Increase the Social Security retirement age by one month every two years after it reaches 67 under current law. It would reach 68 around 2050 and 69 around 2075. Hate it but we probably have to do this right now and not phase it in.
-Lower cost-of-living increases. Hate it. This will put a lot of pressure on older people on fixed incomes who did not save enough and count on government as primary support.
-Gradually raise the threshold on the amount of income subject to the Social Security payroll tax. I do not know exactly what this means. Speak English.
-Give retirees the choice of collecting half their benefits early and the other half at a later age. I do not understand what this does for deficit reduction so…don’t understand it.
TAXES
-Overhaul individual income taxes and corporate taxes. For individuals and families, eliminate a host of popular tax credits and deductions, including the child tax credit and the mortgage interest deduction. Significantly reduce income tax rates, with the top rate dropping to 23 percent from 35 percent. This does not go far enough. Tax code must be scrapped. Give it a sunset date 5 years from now so businesses and individuals can plan and not be penalized too badly for their past reliance on loop holes. This is a very minor start. DO MORE HERE!
-Reduce the corporate income tax rate to 26 percent from 35 percent, and stop taxing the overseas profits of U.S.-based multinational corporations. I do not get how this helps but if it pleases big business and their lobbyists perhaps it is supposed to stimulate jobs, economic activity and income.
-Increase the gas tax by 15 cents a gallon to fund transportation programs. Yes. Our gas price is held artificially low by the way we subsidize the industry and fail to tax it. It costs a lot to drive but we do not want to pay it. It is a start.
DOMESTIC SPENDING
-Freeze Defense Department salaries and bonuses for three years, and noncombat military pay at 2011 levels for three years. Double Defense Secretary Robert Gates' proposed cuts in defense contracting. Reduce overseas bases by one-third, cut spending for base support and integrate children in military families into local schools. YES.
-Eliminate noncompetitive spending bills known as "earmarks." YES although I truly believe this is ONLY a political issue. The spending is already authorized by our big bloated government, this is just the pigs at the trough divvying up the corn cobs but why not make it a public process?
-End grants to large and medium-sized hub airports; require airports to fund a larger portion of the cost of aviation security. Makes sense. Free market, capitalism and all that.
-Cut funding for the public broadcasting. Fine. I like NPR, have no use for PBS but I should pay for what I use.
Reduce congressional and White House budgets by 15 percent, freeze federal compensation at non
defense agencies for three years, cut the federal work force by 10 percent, eliminate 250,000 non-
defense contractors and end money for commercial space flight. YES. Oh and lets add one, eliminate congresses health care system.

HEALTH CARE
-Limit or eliminate altogether the tax-free status of employer-provided health benefits, providing incentives for people to enroll into cost-conscious insurance plans. This should be part of simplifying the tax code. Why do we use the tax code to encourage or discourage behavior. Every Libertarian, Tea Party Patriot and Republican should revolt against tax benefits for anyone or anything. Let individuals decide. Let the market decide. Will it be painful? Absolutely.
-Limit annual cost increases for Medicare and Medicaid, the giant health federal care programs, to no more than 1 percent above the growth rate of the economy. This would be accomplished by rewarding quality instead of sheer volume, demanding rebates from drug companies that want to participate in Medicare and raising cost-sharing for Medicare recipients while limiting their out-of-pocket costs. Good luck, but I applaud the effort. This is the only touchy feely part of this thing.
-Cap jury awards in malpractice cases. I do not believe this has anything to do with health care costs at this point. As a lawyer with many friends who are plaintiff lawyers and defense lawyers, tort reform has already worked. In Missouri there is no industry in this business anymore and even southern Illinois has been cleaned up a lot. Why not do it but once again, shouldn’t my Tea party Patriots and States rights people be up in arms about this invasion on State’s rights? Maybe Mississippi is happy with having law suits be 1/3 of its State economy.

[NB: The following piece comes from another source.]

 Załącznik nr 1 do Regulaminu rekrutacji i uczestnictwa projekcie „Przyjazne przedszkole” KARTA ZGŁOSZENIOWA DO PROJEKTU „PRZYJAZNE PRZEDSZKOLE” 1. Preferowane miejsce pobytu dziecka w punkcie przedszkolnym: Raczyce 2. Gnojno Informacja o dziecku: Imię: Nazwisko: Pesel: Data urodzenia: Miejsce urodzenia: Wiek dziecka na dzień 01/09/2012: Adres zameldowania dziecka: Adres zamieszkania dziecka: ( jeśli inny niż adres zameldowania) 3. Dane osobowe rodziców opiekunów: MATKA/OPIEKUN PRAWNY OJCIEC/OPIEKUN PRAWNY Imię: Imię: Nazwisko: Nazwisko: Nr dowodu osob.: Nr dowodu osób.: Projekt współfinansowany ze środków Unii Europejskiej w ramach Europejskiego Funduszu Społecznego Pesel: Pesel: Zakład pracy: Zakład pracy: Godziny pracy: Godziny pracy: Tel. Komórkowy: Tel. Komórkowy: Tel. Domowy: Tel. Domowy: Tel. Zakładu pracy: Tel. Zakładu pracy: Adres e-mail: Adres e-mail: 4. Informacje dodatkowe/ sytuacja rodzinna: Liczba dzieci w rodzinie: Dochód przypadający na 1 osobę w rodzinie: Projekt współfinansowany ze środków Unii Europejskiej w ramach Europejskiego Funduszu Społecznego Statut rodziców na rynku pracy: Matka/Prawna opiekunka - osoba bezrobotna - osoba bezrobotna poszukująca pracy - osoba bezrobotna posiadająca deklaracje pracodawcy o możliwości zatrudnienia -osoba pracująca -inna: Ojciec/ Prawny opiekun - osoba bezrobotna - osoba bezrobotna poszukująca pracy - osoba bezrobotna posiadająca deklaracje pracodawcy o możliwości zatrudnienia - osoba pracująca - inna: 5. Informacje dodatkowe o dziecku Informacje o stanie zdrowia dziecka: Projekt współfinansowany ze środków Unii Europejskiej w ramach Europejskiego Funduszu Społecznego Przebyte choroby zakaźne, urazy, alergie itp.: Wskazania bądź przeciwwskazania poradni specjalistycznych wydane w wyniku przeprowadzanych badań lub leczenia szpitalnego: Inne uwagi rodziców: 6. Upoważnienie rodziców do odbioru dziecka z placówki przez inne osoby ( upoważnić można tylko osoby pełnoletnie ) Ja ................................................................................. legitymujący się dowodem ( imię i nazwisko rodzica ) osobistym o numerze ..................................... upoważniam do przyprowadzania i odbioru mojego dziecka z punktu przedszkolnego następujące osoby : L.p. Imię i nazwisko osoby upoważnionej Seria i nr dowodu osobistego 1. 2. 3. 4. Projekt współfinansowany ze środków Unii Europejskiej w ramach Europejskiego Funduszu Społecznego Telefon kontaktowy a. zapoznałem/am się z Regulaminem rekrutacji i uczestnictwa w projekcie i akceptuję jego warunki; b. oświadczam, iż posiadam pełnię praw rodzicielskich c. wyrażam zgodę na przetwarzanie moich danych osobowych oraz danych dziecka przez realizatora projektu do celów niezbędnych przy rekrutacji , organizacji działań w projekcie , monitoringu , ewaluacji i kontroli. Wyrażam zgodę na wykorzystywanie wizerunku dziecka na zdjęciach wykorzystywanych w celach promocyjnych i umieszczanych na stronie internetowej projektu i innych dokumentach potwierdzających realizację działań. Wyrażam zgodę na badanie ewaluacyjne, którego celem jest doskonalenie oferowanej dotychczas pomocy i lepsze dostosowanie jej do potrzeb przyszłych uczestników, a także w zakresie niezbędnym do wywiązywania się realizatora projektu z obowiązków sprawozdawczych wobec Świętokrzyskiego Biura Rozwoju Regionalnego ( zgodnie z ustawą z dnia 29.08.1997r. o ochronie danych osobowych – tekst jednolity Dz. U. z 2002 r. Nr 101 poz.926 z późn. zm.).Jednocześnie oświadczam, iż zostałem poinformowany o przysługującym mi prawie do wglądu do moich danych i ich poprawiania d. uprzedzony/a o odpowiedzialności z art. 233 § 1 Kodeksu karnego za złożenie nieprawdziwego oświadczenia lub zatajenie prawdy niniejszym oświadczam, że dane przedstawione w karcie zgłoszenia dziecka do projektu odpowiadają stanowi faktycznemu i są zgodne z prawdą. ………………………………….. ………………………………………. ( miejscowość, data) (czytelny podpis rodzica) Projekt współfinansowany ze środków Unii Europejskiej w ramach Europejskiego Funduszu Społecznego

Boy there is a lot of stuff that I hate there. But is has to be shared suffering. This all looks like a great start to me. I hate a lot of it but I am not that crazy about being a grown up and this is all grown up stuff. So here is to Erskine Bowles and Alan Simpson. Maybe we can all do something good together. Now that would be hopey changie stuff I could get behind.

Sunday, October 31, 2010

REFORMATION DAY!

I cannot post this picture enough. I wonder if it looks anything like him. So lets take a little break from politics today and enjoy the day.







Soooo...Reformation Day. Reformation for Lutherans is kind of like Mardi Gras is for drunks and losers. We can get lost in it. Even without beads and floats and lots of booze. My wife loves Reformation. I have a complicated relationship with it but we come from a shared heritage of Lutheran grade schools where our tutelage was under a bunch of semi-psychotic, German Lutheran women and a couple of men and a few Pastors. All of these people were products of the various "Concordia" Universities, normally from River Forest in Chicago or from some back water place in Nebraska. They were devout people. Christian people...deeply troubled people.

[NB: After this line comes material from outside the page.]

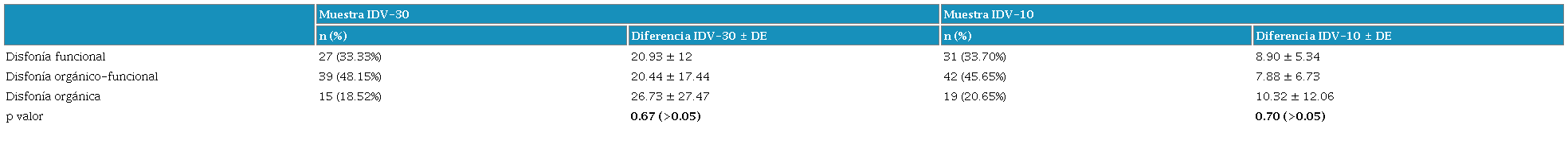 Resultados: Los participantes que completaron el IDV-30 requirieron en promedio 8.44 sesiones de terapia mientras que quienes llenaron el IDV-10 necesitaron en promedio 8.34 sesiones. Al comparar los puntajes “PRE” y “POST”terapia vocal del IDV-30 total, así como de cada una de sus subescalas y del IDV-10, la diferencia fue estadísticamente significativa (p<0.001). No hubo diferencias con significancia estadística en los cambios de los puntajes obtenidos por cada grupo diagnóstico en ninguno de los índices.

Each year when the rest of the world and all of our friends were getting psyched up for Halloween we would be in dark classrooms watching film strips (does anyone remember film strips?) or black and white movies on a projector (these projectors were about he same size as a 350 V-8 engine and were rolled around on audio visual carts and had a light bulb in them that you could easily heat a room with). The film strips all showed Luther with his Monks haircut. His hard child hood (abuse implied but never confirmed) his father pressuring him to go into the law but being caught under a large tree in a Lightning storm where Luther cries out "St. Anne save me! I will become a monk." And so the die was cast.

Luther is obviously very full of himself and a good talker and makes some friends in high places. In the mean time the Pope and his people are busy building St. peters cathedral and it is badly over budget and they are taxing the hell out of everyone, including some German nobles. Now the way we learned it they befriended Luther and he began to question the papacy, the Priesthood being intercessors and of course the selling of indulgences to gain favor with God and get yourself or a loved one out of purgatory and into heaven. I know enough now to understand that is our version of history. Now my best guess is that those germans were sick to death of their Italian brethren calling shots and invoking the Holy See whenever they complained. This Luther fellow was their ticket out...oh and his theology was good to.

So Luthger nails his 95 Theses to the door of the Cathedral in Wittenberg. The Church comes after him. He is hidden and protected and ultimately the catholic church loses a lot of folks. Calvin and Henry the 8th got busy and the printing press helped spread the word. The Catholic Church which had guarded the Bible as something to only be understood by the learned stood by helplessly like the record companies did when music started being free on the internet. the Protestant church in all of it's balkanized glory, moved off on 100 new paths. He posted his Theses on October 31, All Saints Day.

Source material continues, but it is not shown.